> **Required action**:
Transcribe exactly the stretch of lines beginning at the one containing "raz obuté,bez fľakov" and closing with the last line of the entries below. Omit images.
─── Input data
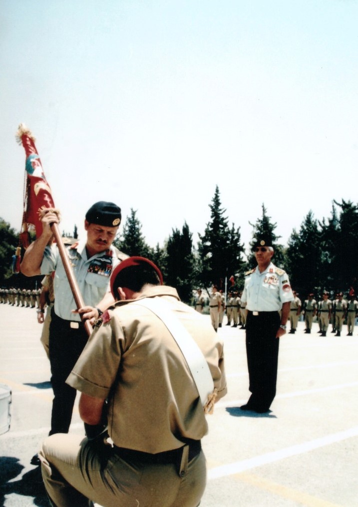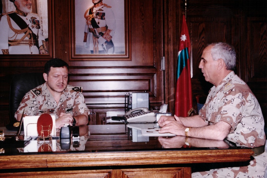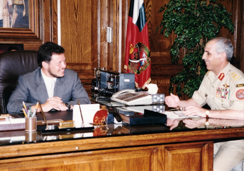 وبعدما عادت كتيبة القوات الخاصة التي كان يعمل فيها مساعداً لقائد الكتبية إلى الأردن من سلطنة عُمان بعد عامٍ تقريباً (نهاية عام 1975)، وخلال عملية إعادة تنظيم الكتيبة وتهيئتها لتواصل دورها العسكري المُشرّف في الوطن، حضر دون برنامج بروتوكولي ملكي جلالة المغفور له الملك الحُسين بن طلال طيّب الله ثراه كعادته عندما يريد أن يزور أو يتواصل مع إخوانه رِفاق السلاح، حيث حطت وعلى عجلٍ طائرته في (ميدان) الكتيبة، وهو يلبس (البورية) العسكرية الخمرية اللون، والتي ترمز لصناديد القوات الخاصة الملكية، ليطمئن جلالته رحمه الله على هؤلاء النشامى الذين عادوا من مهمّة السلام في سلطنة عُمان، وليقول لهم: (شكراً أنكم حملتم جنديتكم الأردنية معكم لبناء السلام في سلطنة عُمان الشقيقة)، وليستمع جلالته أيضاً من الجنرال الملكاوي بصفته مساعداً لقائد الكتيبة والضابط المناوب حينذاك إلى إيجاز عن عمل الكتيبة بعد عودتها وإعادة تنظيمها، والدور الوطني الأردني الذي قامت به في الشقيقة سلطنة عُمان.
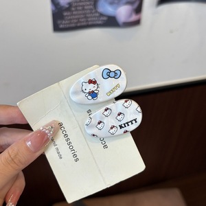 可爱甜美奶白KT猫雨滴发夹卡通少女ins风百搭椭圆刘海夹网红发卡
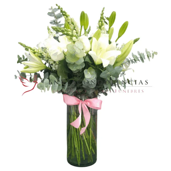 Envía tus más sinceras condolencias con este símbolo de paz y recuerdo. Arreglo fúnebre elaborado con 24 Rosas Blancas de invernadero, 4 tallos de Lilis blancas, 10 Dragonarias blancas entre follaje de Dólar en nuestra elegante y sotisficada base de vidrio tipo cinlindro y con un moño en tono rosa.
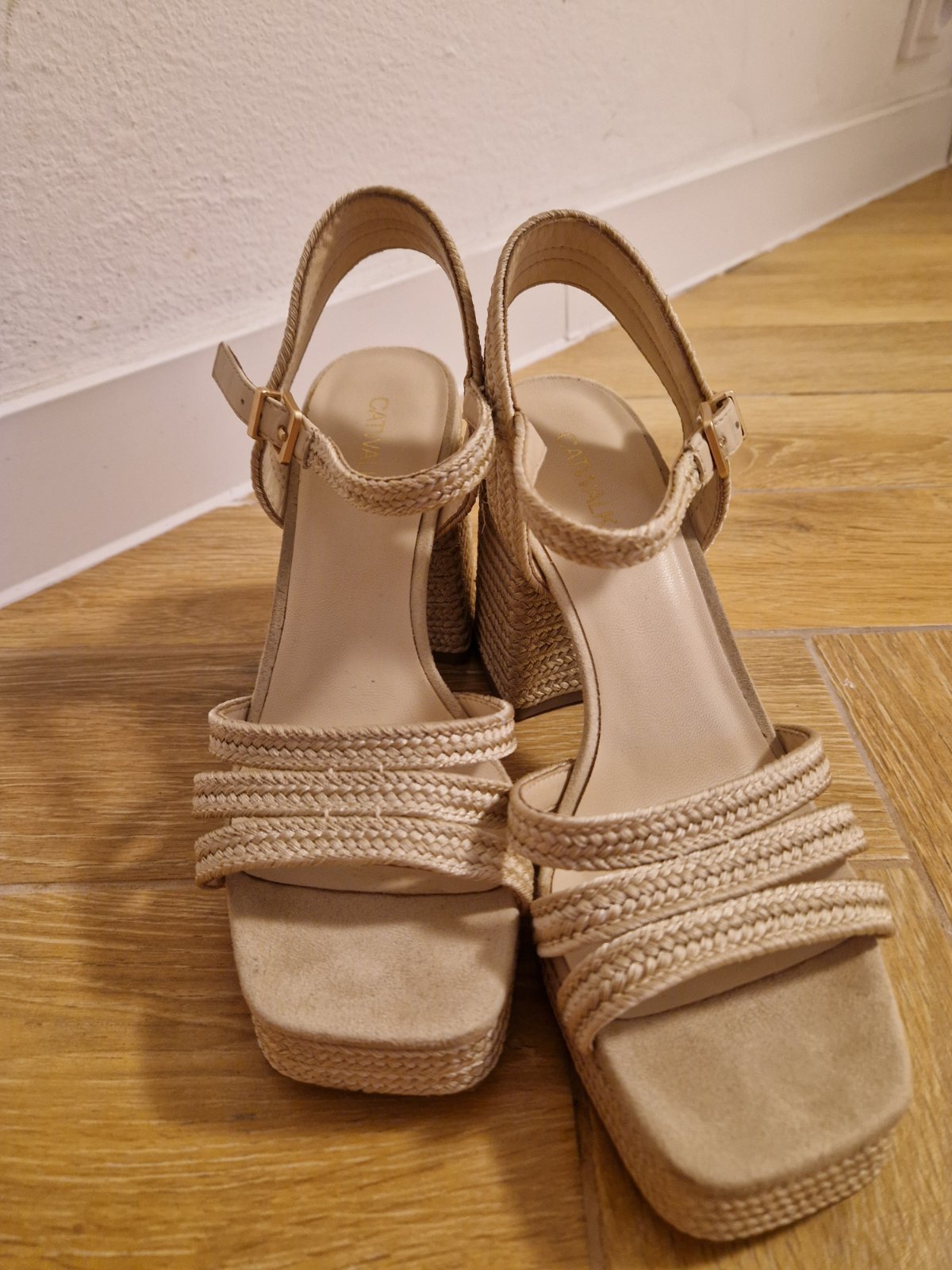 raz obuté,bez fľakov či iných poškodení,podrážky neschodené s otvorenou špičkou celková dĺžka je 24,8cm,ale odporúčam pre úzke nohy dlhé tak max 24.3 cm farba je krémová popretkávaná zlatou
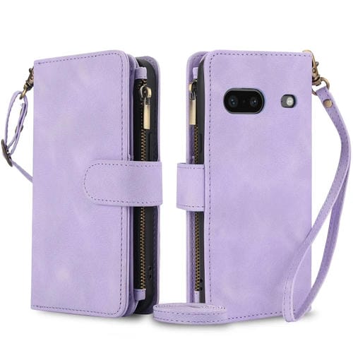 Funda de Cuero Rfid con Cremallera y Cordón para Google Pixel 7 Dream con 9 Tarjetas (Morado)
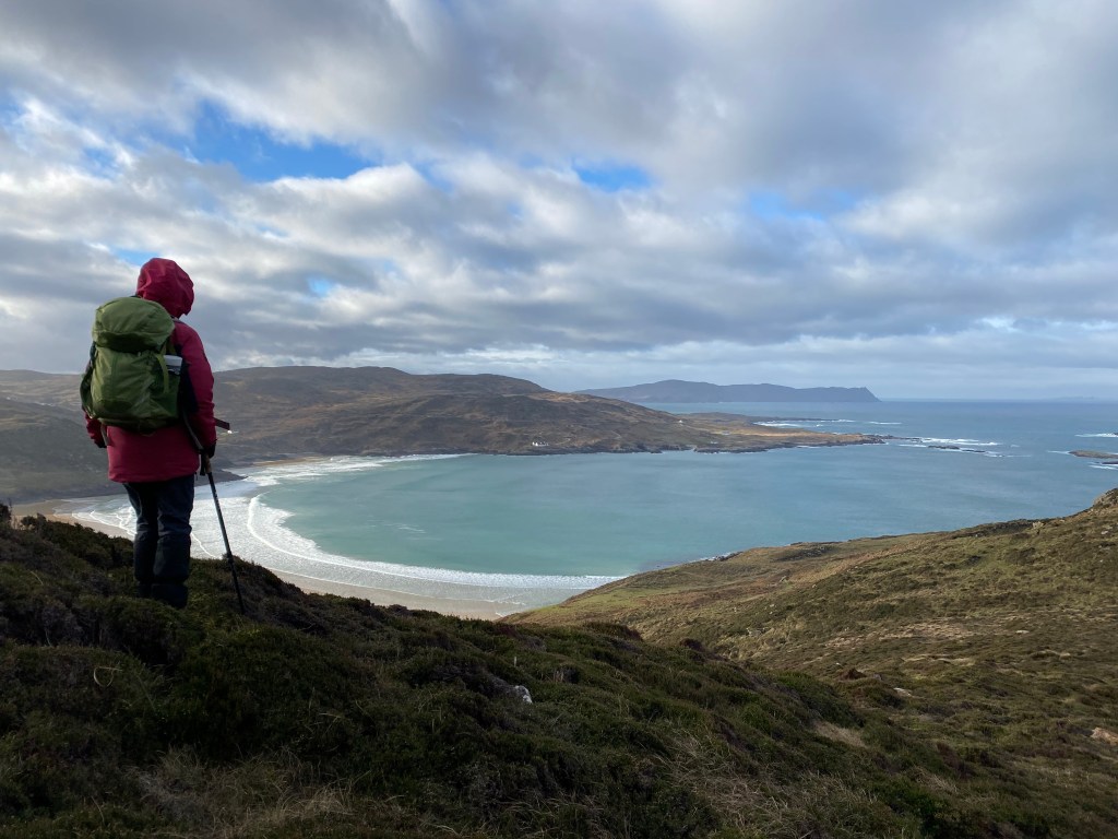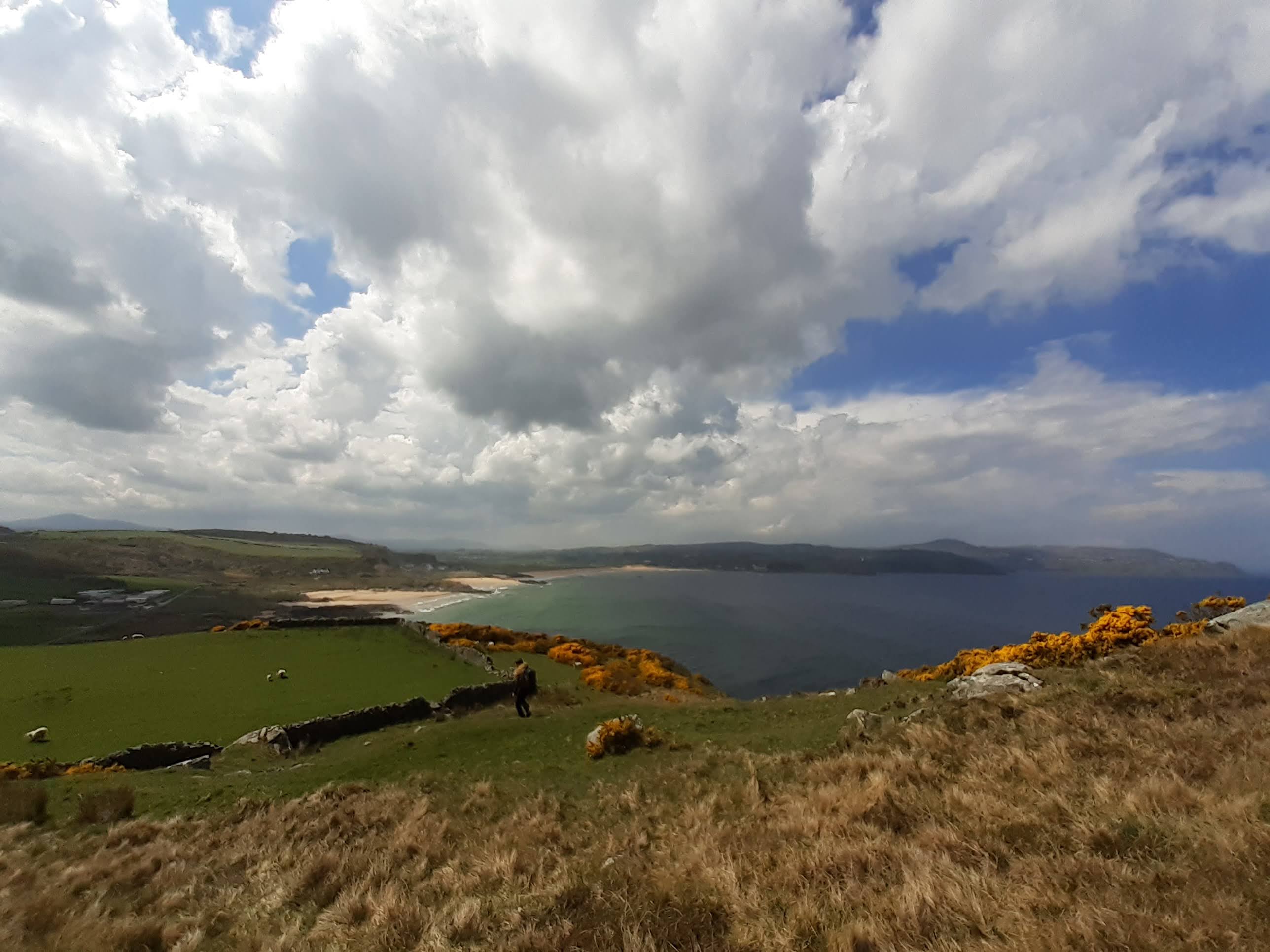 From here we climbed up to Lough Fad and joined the Urris Hills Loop. A way marked path. We returned via Crunlough lake following the track back to the start. A 3.5-4 hr walk in generally good weather. One heavy shower produced a spectacular rainbow over the sea.
──────
> **Expected answer**:
 raz obuté,bez fľakov či iných poškodení,podrážky neschodené s otvorenou špičkou celková dĺžka je 24,8cm,ale odporúčam pre úzke nohy dlhé tak max 24.3 cm farba je krémová popretkávaná zlatou
 Funda de Cuero Rfid con Cremallera y Cordón para Google Pixel 7 Dream con 9 Tarjetas (Morado)
 From here we climbed up to Lough Fad and joined the Urris Hills Loop. A way marked path. We returned via Crunlough lake following the track back to the start. A 3.5-4 hr walk in generally good weather. One heavy shower produced a spectacular rainbow over the sea.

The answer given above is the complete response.